The Military Working Dog Teams National Monument stands at Lackland Air Force Base in San Antonio, Texas. When Manny Blanco learned what had happened to Zip, he arranged for a proper ceremony to be held at the monument, where Zip would be awarded a completely unofficial commendation for his heroic actions and his own K9 version of the Navy Cross.
The ceremony was attended by Todd and his family, the men of the team, newly promoted Lieutenant Commander John Kelly, Commander Matthew Heard, Chloe Van Raalten, and some of Manny’s veteran military working dog handling colleagues. Zip had no idea what all the fuss was about but he took tremendous comfort in having nearly everyone he ever cared about in one place. He would stand at attention, ears up and forward, as a Marine veteran of the Vietnam conflict named Choatt draped the ribbon and medal over his head.
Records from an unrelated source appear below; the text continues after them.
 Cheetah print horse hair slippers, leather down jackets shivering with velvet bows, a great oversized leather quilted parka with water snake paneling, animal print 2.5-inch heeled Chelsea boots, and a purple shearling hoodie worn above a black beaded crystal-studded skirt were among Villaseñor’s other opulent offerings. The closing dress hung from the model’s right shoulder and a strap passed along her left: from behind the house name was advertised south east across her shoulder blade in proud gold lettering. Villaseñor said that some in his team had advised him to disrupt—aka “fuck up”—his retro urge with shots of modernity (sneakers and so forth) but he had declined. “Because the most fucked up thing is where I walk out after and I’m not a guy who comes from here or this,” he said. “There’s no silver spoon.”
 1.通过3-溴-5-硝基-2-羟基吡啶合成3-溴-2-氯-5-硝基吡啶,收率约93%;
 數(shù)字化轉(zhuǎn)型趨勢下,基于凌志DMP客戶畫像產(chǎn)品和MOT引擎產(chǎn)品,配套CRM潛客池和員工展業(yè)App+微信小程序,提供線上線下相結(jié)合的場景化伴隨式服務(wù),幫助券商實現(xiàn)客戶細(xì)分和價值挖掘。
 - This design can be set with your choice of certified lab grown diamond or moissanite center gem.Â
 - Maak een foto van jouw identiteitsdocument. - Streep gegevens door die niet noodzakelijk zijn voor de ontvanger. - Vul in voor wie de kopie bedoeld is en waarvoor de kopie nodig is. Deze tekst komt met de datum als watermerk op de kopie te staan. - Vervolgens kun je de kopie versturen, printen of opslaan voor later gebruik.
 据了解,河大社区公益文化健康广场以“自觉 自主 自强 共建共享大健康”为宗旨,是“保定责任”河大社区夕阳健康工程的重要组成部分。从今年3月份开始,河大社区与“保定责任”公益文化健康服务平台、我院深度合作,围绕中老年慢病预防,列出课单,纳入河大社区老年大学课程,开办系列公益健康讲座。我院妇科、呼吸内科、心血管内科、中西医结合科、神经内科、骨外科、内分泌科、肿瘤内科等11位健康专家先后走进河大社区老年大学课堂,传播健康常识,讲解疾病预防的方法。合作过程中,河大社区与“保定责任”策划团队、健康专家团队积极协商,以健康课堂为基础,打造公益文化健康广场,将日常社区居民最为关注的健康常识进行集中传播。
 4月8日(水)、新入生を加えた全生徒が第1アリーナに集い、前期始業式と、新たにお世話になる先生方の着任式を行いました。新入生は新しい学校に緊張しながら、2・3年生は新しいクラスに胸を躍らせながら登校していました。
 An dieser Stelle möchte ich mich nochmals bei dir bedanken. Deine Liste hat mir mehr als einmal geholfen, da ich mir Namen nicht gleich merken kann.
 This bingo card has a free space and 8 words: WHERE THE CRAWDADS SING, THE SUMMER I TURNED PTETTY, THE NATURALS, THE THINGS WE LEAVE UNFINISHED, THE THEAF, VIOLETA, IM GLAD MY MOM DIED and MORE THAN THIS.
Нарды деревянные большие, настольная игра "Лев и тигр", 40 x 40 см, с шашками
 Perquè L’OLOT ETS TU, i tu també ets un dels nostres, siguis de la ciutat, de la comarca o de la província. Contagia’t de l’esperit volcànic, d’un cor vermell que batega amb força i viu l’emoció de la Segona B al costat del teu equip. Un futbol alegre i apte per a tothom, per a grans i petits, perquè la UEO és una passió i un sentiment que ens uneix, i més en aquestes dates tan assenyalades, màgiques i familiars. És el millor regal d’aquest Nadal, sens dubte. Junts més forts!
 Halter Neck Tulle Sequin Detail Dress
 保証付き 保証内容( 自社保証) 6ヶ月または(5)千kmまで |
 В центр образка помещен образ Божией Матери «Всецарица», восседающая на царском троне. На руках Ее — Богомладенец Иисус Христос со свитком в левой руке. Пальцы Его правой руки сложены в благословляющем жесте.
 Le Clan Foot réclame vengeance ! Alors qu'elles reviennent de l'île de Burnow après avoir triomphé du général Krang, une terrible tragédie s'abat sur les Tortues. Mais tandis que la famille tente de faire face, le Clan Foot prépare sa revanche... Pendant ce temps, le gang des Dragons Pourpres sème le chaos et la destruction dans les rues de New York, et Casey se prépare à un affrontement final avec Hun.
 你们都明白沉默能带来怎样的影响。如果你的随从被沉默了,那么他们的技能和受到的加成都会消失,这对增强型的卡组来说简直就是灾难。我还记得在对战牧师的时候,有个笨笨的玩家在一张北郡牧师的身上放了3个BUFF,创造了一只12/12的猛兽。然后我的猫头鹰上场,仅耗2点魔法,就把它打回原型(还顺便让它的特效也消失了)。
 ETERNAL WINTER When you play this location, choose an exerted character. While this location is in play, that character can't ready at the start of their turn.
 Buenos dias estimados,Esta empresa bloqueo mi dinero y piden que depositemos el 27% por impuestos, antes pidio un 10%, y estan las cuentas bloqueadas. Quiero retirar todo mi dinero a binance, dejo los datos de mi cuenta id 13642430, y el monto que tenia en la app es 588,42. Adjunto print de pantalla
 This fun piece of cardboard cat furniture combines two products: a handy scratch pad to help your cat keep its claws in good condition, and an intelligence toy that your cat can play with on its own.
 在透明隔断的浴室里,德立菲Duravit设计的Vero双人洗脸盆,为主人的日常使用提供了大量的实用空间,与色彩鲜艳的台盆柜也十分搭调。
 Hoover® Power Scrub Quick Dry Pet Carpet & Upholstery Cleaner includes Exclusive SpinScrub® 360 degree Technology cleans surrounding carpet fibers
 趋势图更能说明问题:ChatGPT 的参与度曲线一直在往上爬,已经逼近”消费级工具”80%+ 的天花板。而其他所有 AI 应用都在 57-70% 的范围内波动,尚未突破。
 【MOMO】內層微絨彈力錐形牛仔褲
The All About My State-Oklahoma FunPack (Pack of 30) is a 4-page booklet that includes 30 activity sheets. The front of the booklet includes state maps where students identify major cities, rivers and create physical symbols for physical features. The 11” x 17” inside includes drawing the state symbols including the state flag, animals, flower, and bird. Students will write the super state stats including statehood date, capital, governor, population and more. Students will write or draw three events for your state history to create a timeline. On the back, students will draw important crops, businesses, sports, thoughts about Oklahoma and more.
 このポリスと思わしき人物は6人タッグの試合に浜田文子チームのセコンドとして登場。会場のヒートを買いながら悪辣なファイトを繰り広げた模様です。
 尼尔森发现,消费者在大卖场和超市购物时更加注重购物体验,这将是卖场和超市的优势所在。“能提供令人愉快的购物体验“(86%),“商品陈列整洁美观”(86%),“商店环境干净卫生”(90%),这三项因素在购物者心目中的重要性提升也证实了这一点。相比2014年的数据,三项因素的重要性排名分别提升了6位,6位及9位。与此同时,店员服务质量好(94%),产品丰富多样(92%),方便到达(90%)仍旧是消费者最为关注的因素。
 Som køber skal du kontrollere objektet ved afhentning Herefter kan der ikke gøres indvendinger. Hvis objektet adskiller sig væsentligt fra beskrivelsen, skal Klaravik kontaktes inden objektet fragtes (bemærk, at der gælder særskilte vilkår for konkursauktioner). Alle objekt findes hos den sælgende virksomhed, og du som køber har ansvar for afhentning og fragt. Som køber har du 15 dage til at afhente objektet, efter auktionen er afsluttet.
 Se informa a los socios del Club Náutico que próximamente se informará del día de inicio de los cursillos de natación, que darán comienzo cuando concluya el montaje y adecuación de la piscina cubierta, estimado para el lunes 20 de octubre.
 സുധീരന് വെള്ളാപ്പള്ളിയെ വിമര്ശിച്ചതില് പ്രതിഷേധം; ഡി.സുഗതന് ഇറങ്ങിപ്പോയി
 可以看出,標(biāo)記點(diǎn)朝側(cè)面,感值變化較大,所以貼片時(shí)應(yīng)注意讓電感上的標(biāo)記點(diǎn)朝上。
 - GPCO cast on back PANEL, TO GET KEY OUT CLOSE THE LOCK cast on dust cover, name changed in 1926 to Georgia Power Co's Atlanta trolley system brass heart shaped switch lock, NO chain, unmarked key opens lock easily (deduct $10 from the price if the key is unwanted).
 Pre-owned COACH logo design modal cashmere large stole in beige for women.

At the small house on the Little R Dairy Farm in the hills of Western Pennsylvania, Zip would spend the remainder of his days with those he loved and who loved him. Each night, when the girls were tucked into bed and Todd and Lindsey were settled down, he would perform his patrol of the grounds—walking the porch and perimeter of the house, stopping occasionally to assess the surrounding sounds and smells. When he was satisfied there were no threats about, the clicks of his carbon-fiber legs could be heard tapping on the wood planks as he headed back through the screen door he learned to open by himself. Finally, taking a position on his bed—strategically placed between Abby’s and Caroline’s rooms—Zip remained vigilant in the shadow of the hallway nightlight until he drifted off to sleep, resolutely adhering to the fundamental belief of every Navy SEAL.
I humbly serve as a guardian to my fellow Americans always ready to defend those who are unable to defend themselves. I do not advertise the nature of my work, nor seek recognition for my actions. I voluntarily accept the inherent hazards of my profession, placing the welfare and security of others before my own … I will not fail.